Misi Ancelotti: Akhir Puasa Gelar Brasil 24 Tahun di Piala Dunia
Baca dalam 60 detik
- Carlo Ancelotti memastikan Neymar siap tampil kontra Skotlandia setelah absen hampir tiga tahun dari timnas Brasil.
- Vinicius Junior menjadi motor serangan Brasil dengan dua gol di fase grup, termasuk penyama kedudukan melawan Maroko.
- Kemenangan di Piala Dunia 2026 akan memperkuat status Ancelotti sebagai pelatih terbaik sepanjang masa.

Pelatih Brasil, Carlo Ancelotti, menegaskan bahwa Neymar akan kembali memperkuat Selecao dalam laga penentu melawan Skotlandia di Piala Dunia 2026, setelah sang megabintang absen hampir tiga tahun karena cedera dan kontroversi. Kepulangan pemilik 79 gol untuk Brasil ini menjadi sorotan utama jelang pertandingan yang akan digelar di Miami, Rabu waktu setempat.
Ancelotti, yang mengambil alih timnas Brasil pada 2025, menghadapi tekanan besar untuk mengakhiri paceklik gelar Piala Dunia selama 24 tahun. Terakhir kali Brasil juara adalah pada 2002 di Korea-Jepang. Ironisnya, jeda panjang sebelumnya berakhir di Amerika Serikat pada 1994, saat Romario dan Bebeto membawa pulang trofi. Kini, dengan skuad bertabur bintang, ekspektasi publik Brasil kembali membubung tinggi.
Neymar, yang terakhir bermain untuk Brasil pada Oktober 2023, sempat menjadi perdebatan sengit setelah namanya tetap masuk skuad Piala Dunia menggantikan Joao Pedro dari Chelsea. Meski tidak dimainkan saat imbang 1-1 melawan Maroko di laga pembuka Grup C karena cedera, Ancelotti memastikan kondisi pemain 34 tahun itu sudah prima. "Dia berlatih keras pekan ini, siap bermain 90 menit penuh atau setengah babak.
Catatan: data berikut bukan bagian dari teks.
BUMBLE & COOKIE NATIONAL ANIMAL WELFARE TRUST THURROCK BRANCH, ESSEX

Sikapnya sangat positif," ujar Ancelotti dalam konferensi pers yang berlangsung larut malam di Miami.
Namun, jika Brasil ingin melaju jauh, sorotan justru tertuju pada Vinicius Junior. Penyerang Real Madrid itu menjadi penyelamat saat Brasil tertinggal 1-0 dari Maroko, mencetak gol penyeimbang yang brilian. Dua gol dalam dua pertandingan membuatnya menjadi katalis serangan Brasil. "Dia bermain sangat baik. Kami harus memaksimalkan potensinya meski ada pemain hebat lain," puji Ancelotti, yang pernah melatih Vinicius di Madrid.
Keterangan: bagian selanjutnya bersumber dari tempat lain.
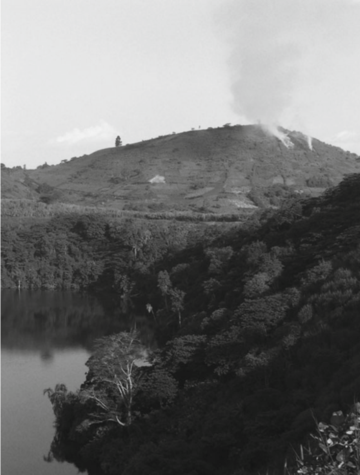
Fig. 7.2 A typical forest fragment surrounding a crater lake neighboring Kibale National Park, Uganda

While domestic consumers use the most plant species for fuelwood (>50), their consumption is potentially sustainable because they generally harvest fast-growing species from fallows on their own land or their neighbors' land. In contrast, commercial charcoal producers prefer old-growth hardwood species and are responsible for the greatest loss of natural forest. They access forests by finding landholders who, either willingly or through coercion, allow trees on their lands to be cleared. The impact of charcoal production is exacerbated by a license system in Uganda that undervalues natural forests and rewards rapid harvesting across large areas (Naughton et al. 2006).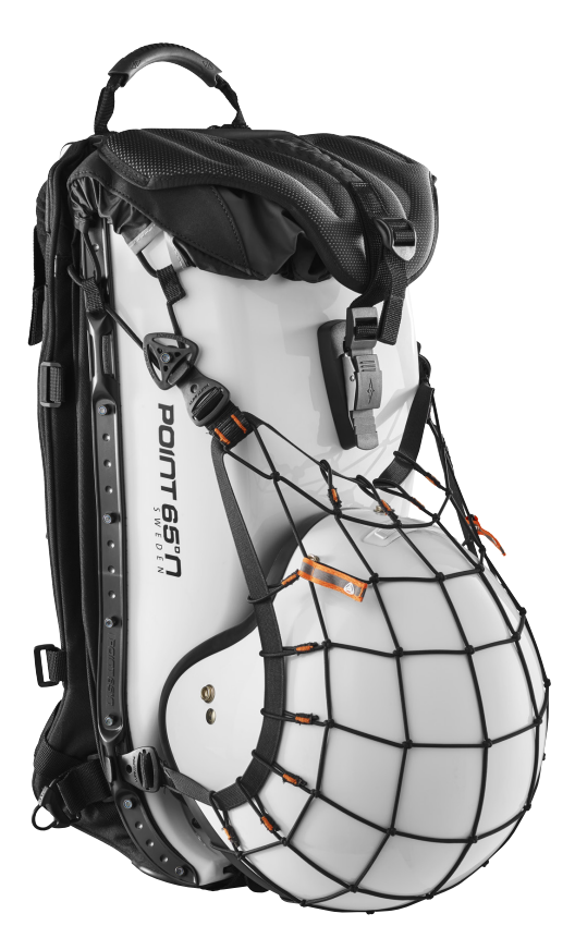
Cargo Net Helmet on back pack

For all those things you need quick and easy access to, like your wind breaker, gloves, etc. Also perfect for your bike helmet or football. Handmade with enduring nylon coated elastics cords. The bike rider version Cargo Net Hemet holds a full size integral motorcycle helmet tight and secure.

Skotlandia, yang hanya melepaskan dua tembakan tepat sasaran dalam dua laga, dipandang bukan lawan sepadan. Namun, Ancelotti enggan meremehkan. "Skotlandia punya kualitas, mereka petarung, organisasi permainan bagus. Pemain seperti McTominay dan McGinn berpengalaman. Kami harus mengontrol permainan mereka yang suka umpan panjang dan crossing," analisisnya.
Bagi Ancelotti, membawa Brasil juara dunia akan menjadi mahkota karirnya. Pelatih asal Italia itu sudah memenangi lima Liga Champions—rekor terbanyak—dan satu-satunya pelatih yang juara di lima liga top Eropa. Namun, Piala Dunia adalah panggung berbeda. Pertanyaannya, mampukah ia menyatukan ego para superstar Brasil menjadi tim yang solid? Jawabannya akan mulai terlihat saat Brasil menghadapi Skotlandia.